*Task statement*. Pictures excluded, return the lines below from the first through the line holding "User ConfigurationAdministrative TemplatesInternet".

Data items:
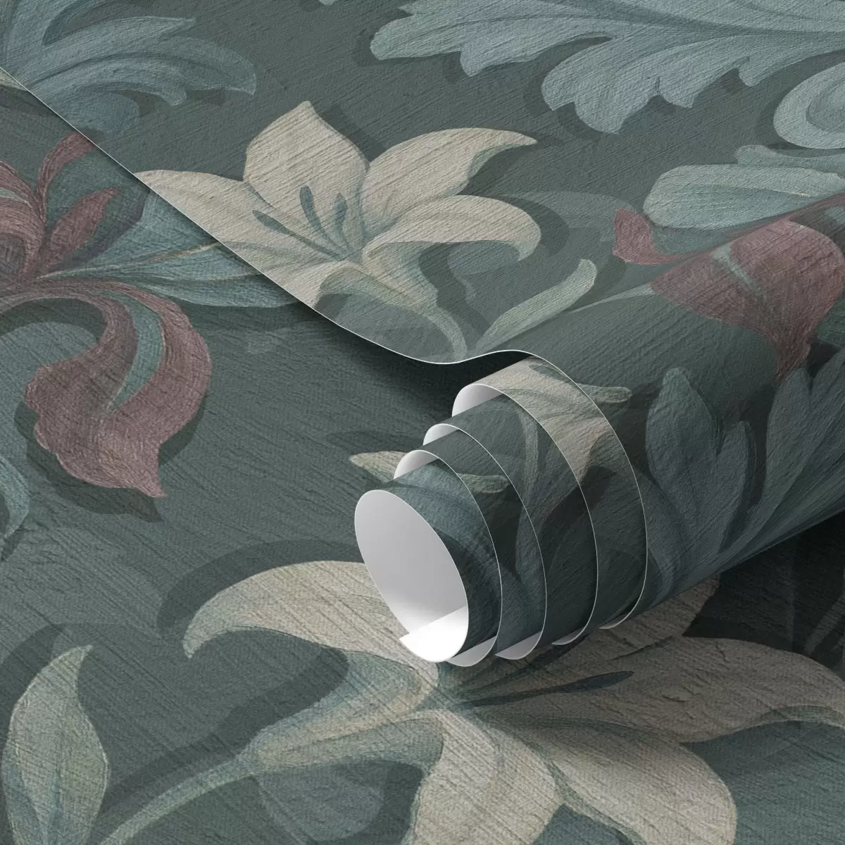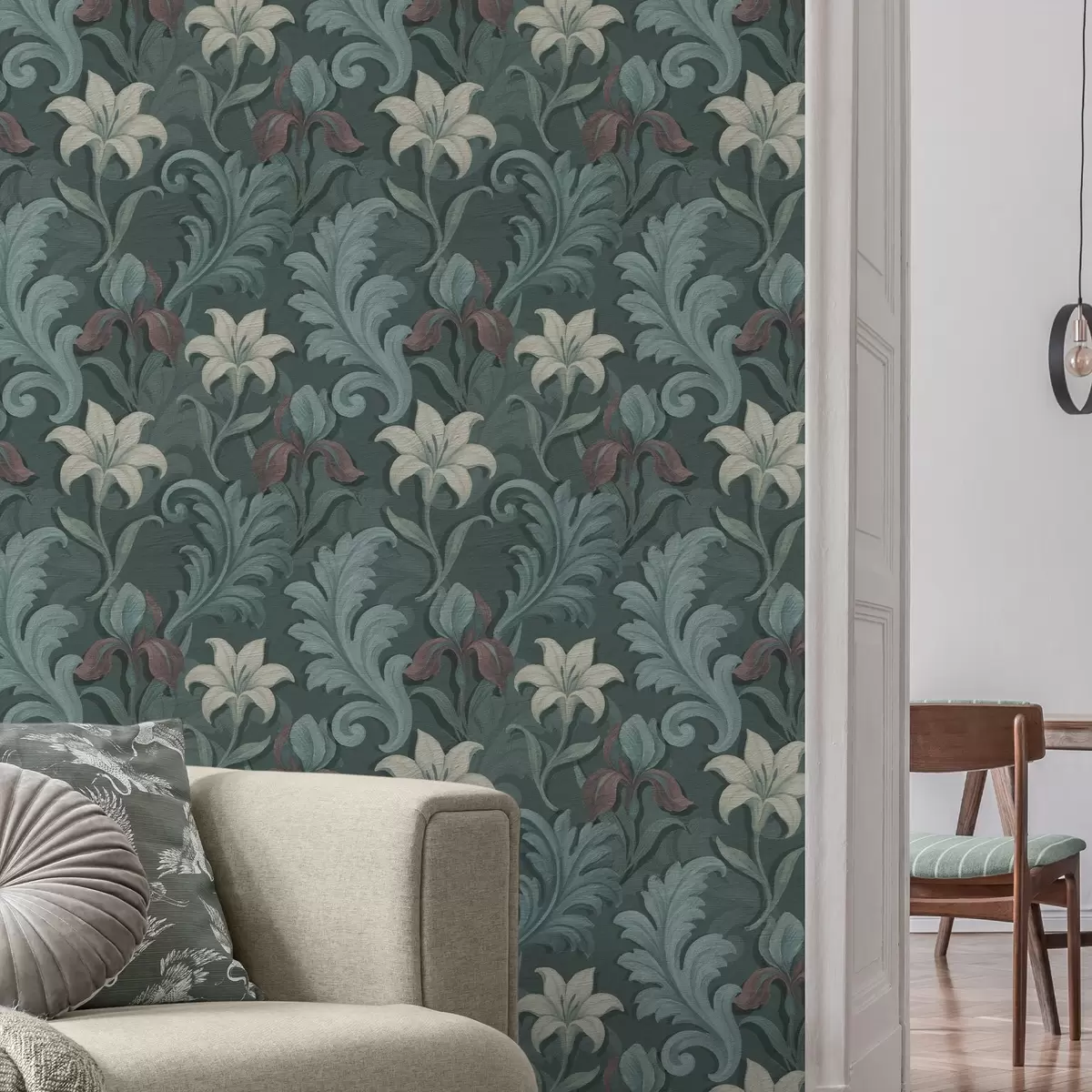 Tapéta Sötétzöld háttér íriszekkel és díszítő levelekkel Nr. a00755
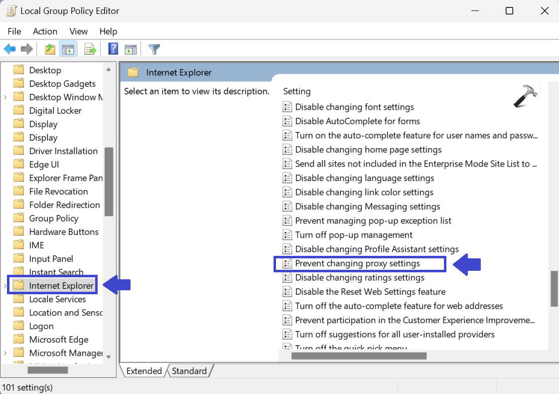User ConfigurationAdministrative TemplatesInternet Explorer
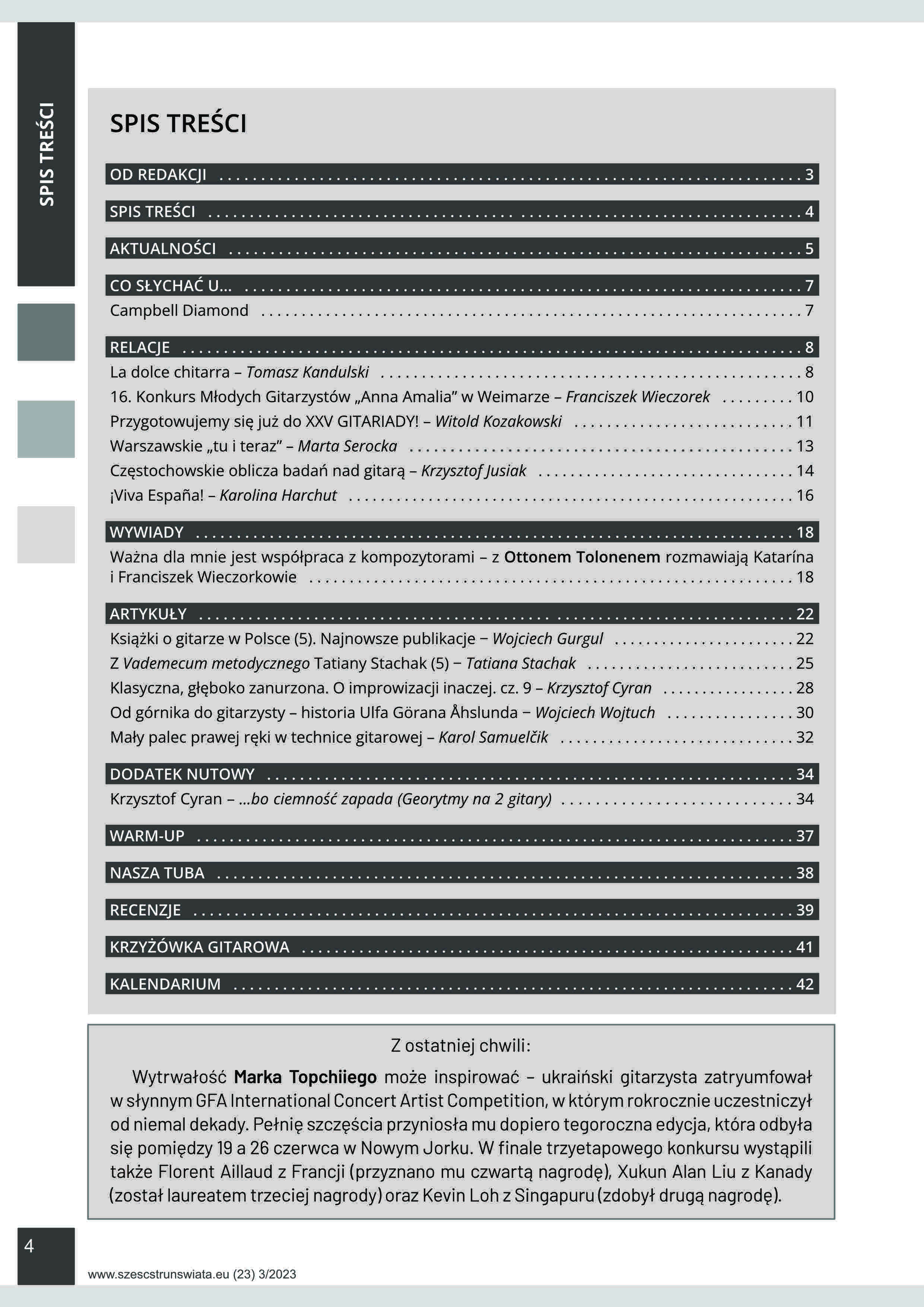 Magazyn (kwartalnik) gitarzystów klasycznych „Sześć Strun Świata” - wydawany od 2015 roku (z przerwą w latach 2018-2020) - poruszający zagadnienia muzyki gitarowej.
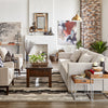 - Add an abstract, modern accent to your home with the rug's brown, grey, beige, black and cream pattern.
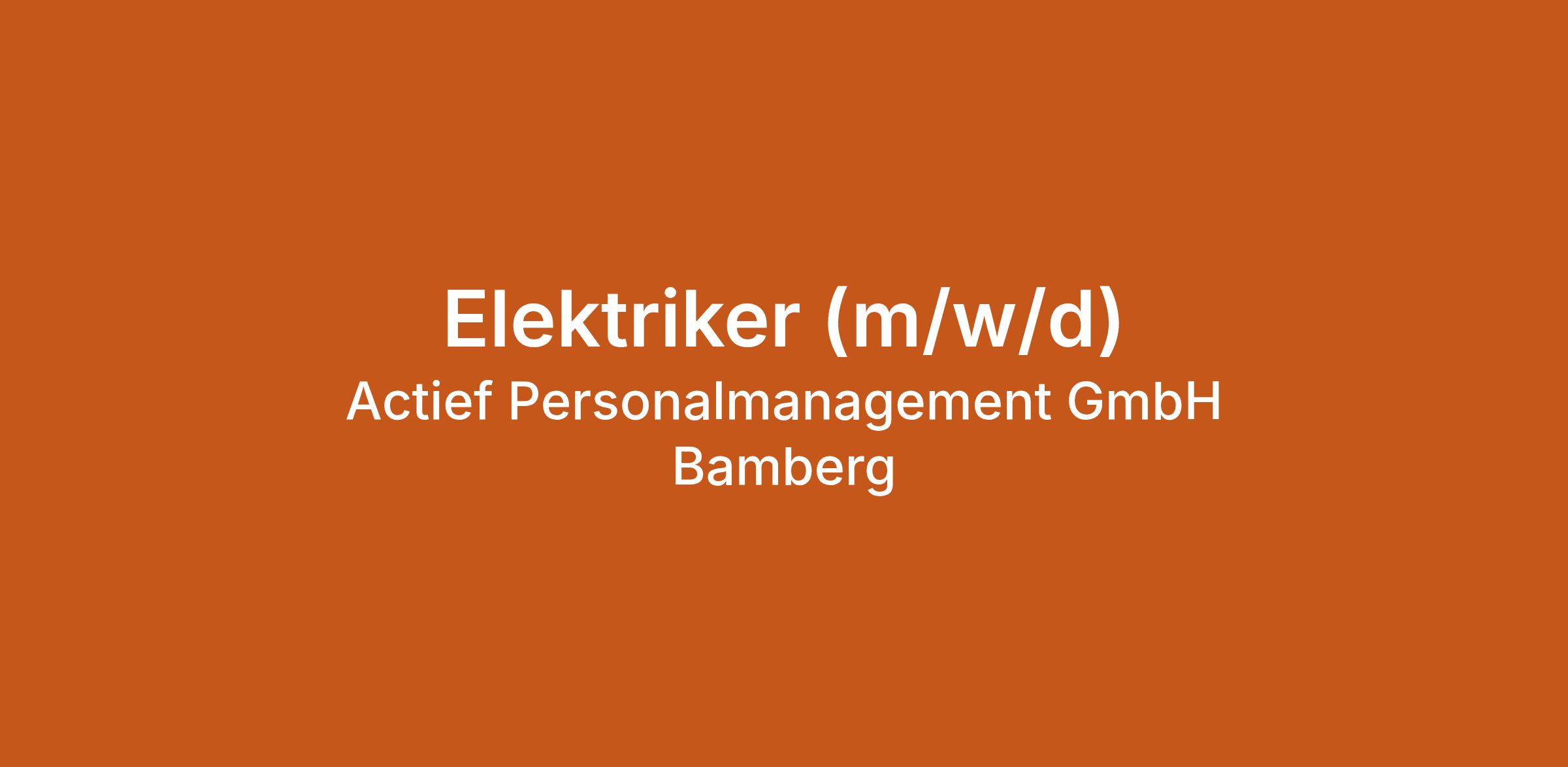 Elektriker (m/w/d) bei Actief Personalmanagement GmbH Bamberg in Frensdorf, Oberfranken. Jetzt auf echte.jobs bewerben.

*Response area*.
 Tapéta Sötétzöld háttér íriszekkel és díszítő levelekkel Nr. a00755
User ConfigurationAdministrative TemplatesInternet Explorer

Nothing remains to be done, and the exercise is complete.